Overview

Effect on Anxiety in Partial Epilepsy Patients Treated With Pregabalin

Status:
Terminated

Trial end date:
2014-07-01

Target enrollment:
0

Participant gender:
All

Summary

To prospectively demonstrate the superior anxiolytic effect of high dose pregabalin (PGB) therapy (450 mg/day) compared to low dose PGB therapy (150 mg/day) in subjects with medically refractory partial epilepsy not fully controlled despite treatment with 1-2 concomitant antiepileptic drugs (AEDs).

Phase:

Phase 4

Accepts Healthy Volunteers?

Details

Lead Sponsor:

Northeast Regional Epilepsy Group

Collaborator:

Pfizer

Treatments:

Pregabalin

Criteria

Inclusion Criteria

- An IRB-approved consent form signed and dated by the subject

- A diagnosis of partial epilepsy which is drug resistant according to the International
League Against Epilepsy criteria (Failure of adequate trials of two tolerated and
appropriately chosen and used AED schedules (whether as monotherapies or in
combination) to achieve sustained seizure freedom). Furthermore to meet the ILAE
definition of drug resistance, subjects will have had breakthrough seizures occurring
at a frequency of less than 3 times the longest pretreatment interseizure interval or
every 12 months, which ever is longer.

- Subjects that score ≥18 on Beck Anxiety Inventory will be included in the study

- Subjects from 18 to 75 years, both inclusive.

- Females without childbearing potential or childbearing potential using medically
accepted forms of birth control (pre-menarcheal, post-menopausal, bilateral
oophorectomy or tubal ligation, complete hysterectomy, or medically accepted form of
contraception).

- Subject judged by the Investigator to be reliable and capable of adhering to the
protocol, visit schedules, and able to understand and complete study instruments.

- CT or MRI scan performed within 2 years of screening and without evidence of a
progressive lesion or neurological condition.

- Electroencephalogram consistent with partial epilepsy and does not demonstrate
generalized spike wave.

- Currently treated with a stable dose of 1-2 AEDs for a minimum of 4 weeks (3 months
for phenobarbital and primidone). Benzodiazepines used as a rescue therapy for
seizures and used no more than once a week will be permitted.

Exclusion Criteria

- History of psychogenic non-epileptic seizures.

- The subject is pregnant or lactating.

- Women with reproductive potential who refuse to use medically accepted forms of birth
control.

- Presence of any clinically significant laboratory abnormality which in the judgement
of the investigator should exclude the subject from the study.

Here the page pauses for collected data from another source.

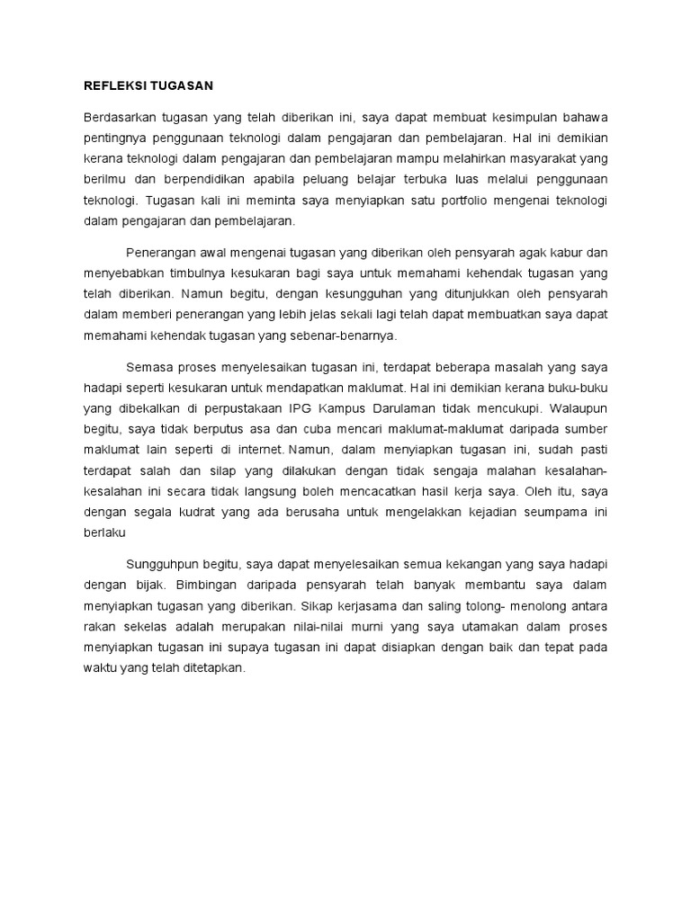 REFLEKSI TUGASAN Berdasarkan tugasan yang telah diberikan ini, saya dapat membuat kesimpulan bahawa pentingnya penggunaan
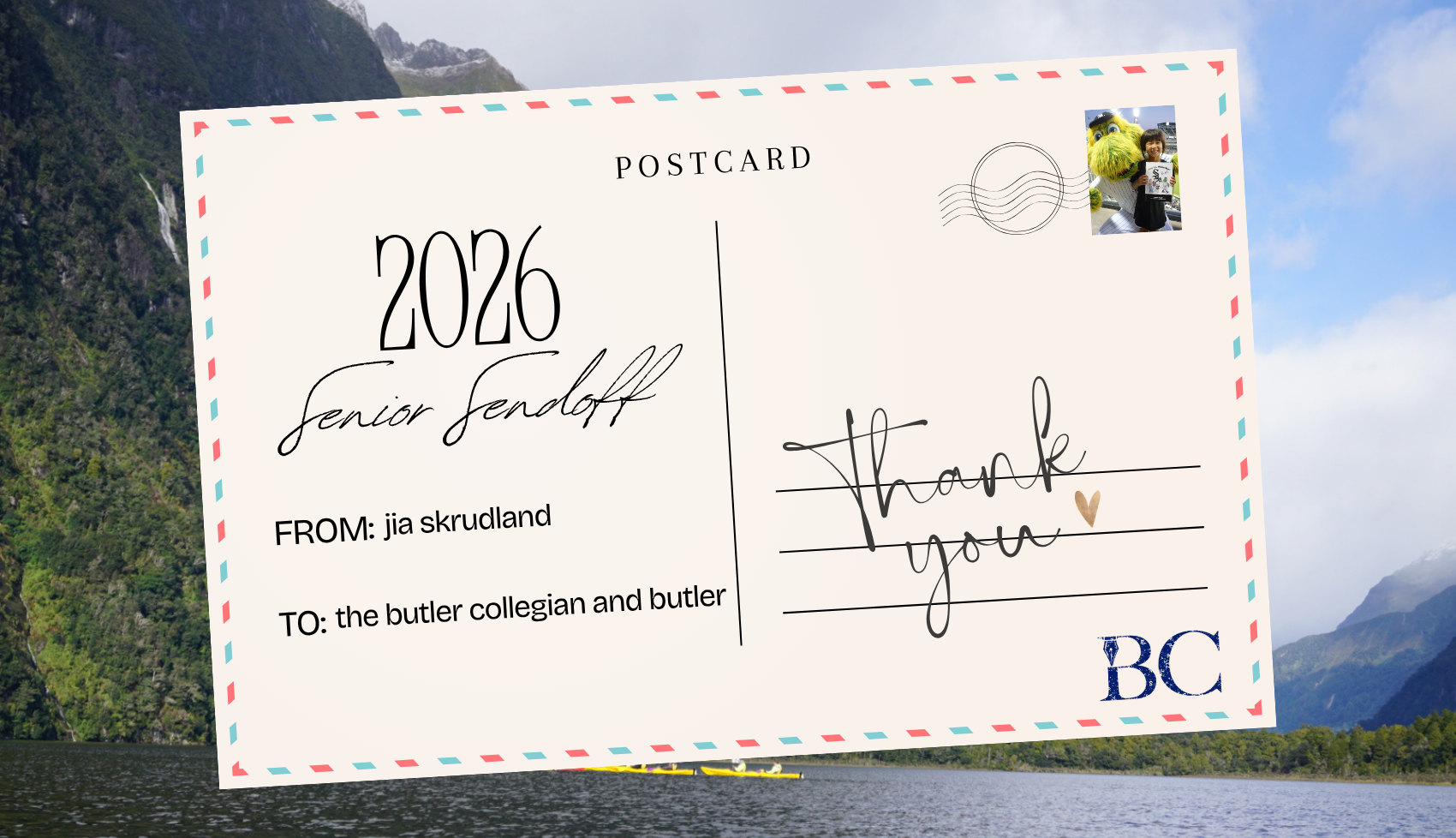 Thank you to Butler for giving me the opportunity to find my home away from home.
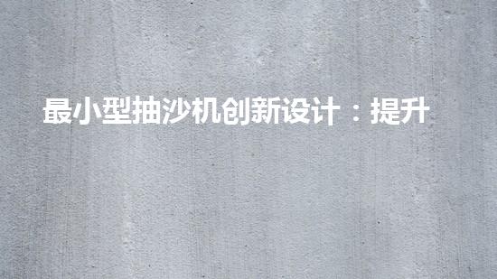 最小型抽沙機創新設計:提升效率的抽沙設備如何改變產業格局?
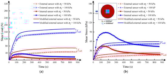 Figure 6 exhibits the shear behaviour of the soil-structure interface shear tests under different levels of normal stress. The typical shear load–time curves are shown in Figure 6a. It can be observed that the soil-structure interface shear load increases with the normal stress increase. The main reason is that the normal stress applied to the interface increases the friction resistance between the soil particles and the steel or the soil particles themselves, increasing the shear zone’s peak strength. It is worth noting that when analyzing the interface shear strength, we found that the interface strength measured by the internal sensor in the interface-measurement block is more significant than that measured by the external sensor. The results measured by the external sensor are hardening curves, while those measured by the internal sensor are softening curves, showing apparent inconsistency. The following will analyze and discuss the above conjecture and test results in combination with the characteristics of the direct shear test and relevant references to demonstrate the reliability of the test method proposed in this paper.
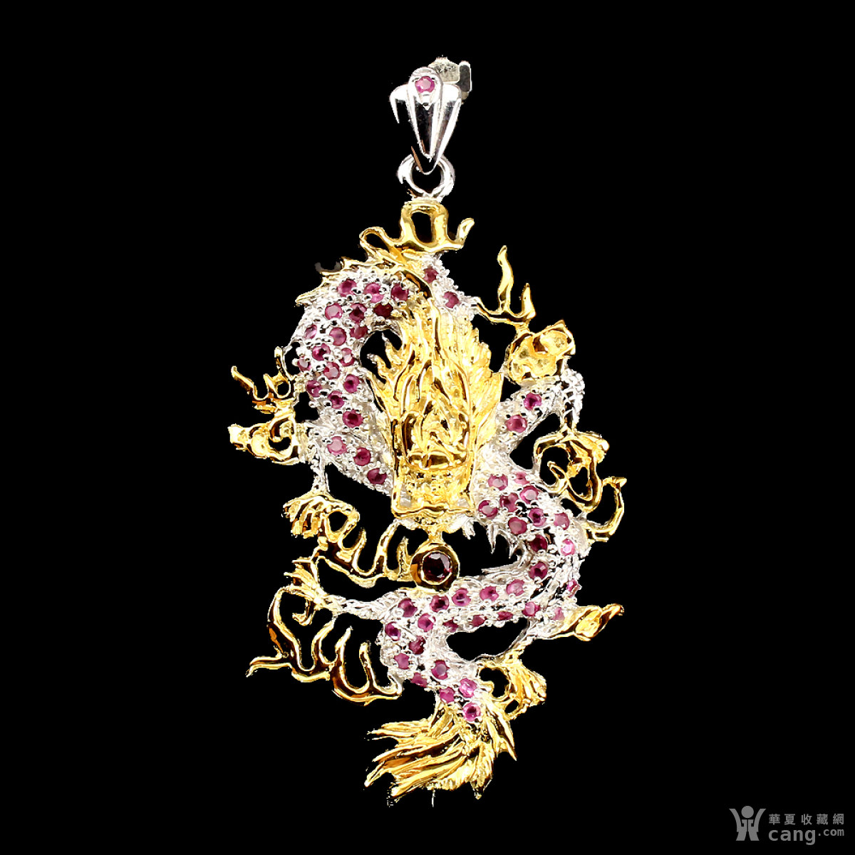 【现价再打8折特惠】纯天然红宝石925银镀14K金龙型吊坠

- Presence of any progressive, demyelinating, or degenerative neurological condition.

- Subject is currently taking gabapentin.

- History of an allergic reaction to gabapentin or PGB.

- History of worsened seizures or serious adverse reactions to gabapentin.

- History of suicide attempt.

- No active suicidal plan/intent or active suicidal thoughts in the last 6 months.

- Current use or use within the previous three months prior to screening of
antidepressant, anxiolytic, or antipsychotic agents. Subjects using benzodiazepines
for anxiety will not be permitted.

- Diagnosis of Bipolar Disorder, Schizophrenia, psychotic disorder (excluding post-ictal
psychosis), Major Depression requiring hospitalization in the past 2 years, or other
psychological or behavioral condition which in the judgement of the investigator
should exclude the subject from the study.

- A history of alcoholism, drug abuse, or drug addiction within the last 2 years.

- Any contraindication to use of PGB.

- Any clinical condition (e.g. severe renal impairment, chronic hepatic disease, serious
infection, and or bone marrow depression) which will impair participation in the
trial.

- History of multiple drug allergies or severe drug allergy.

- Subjects with vagal nerve stimulators (VNS).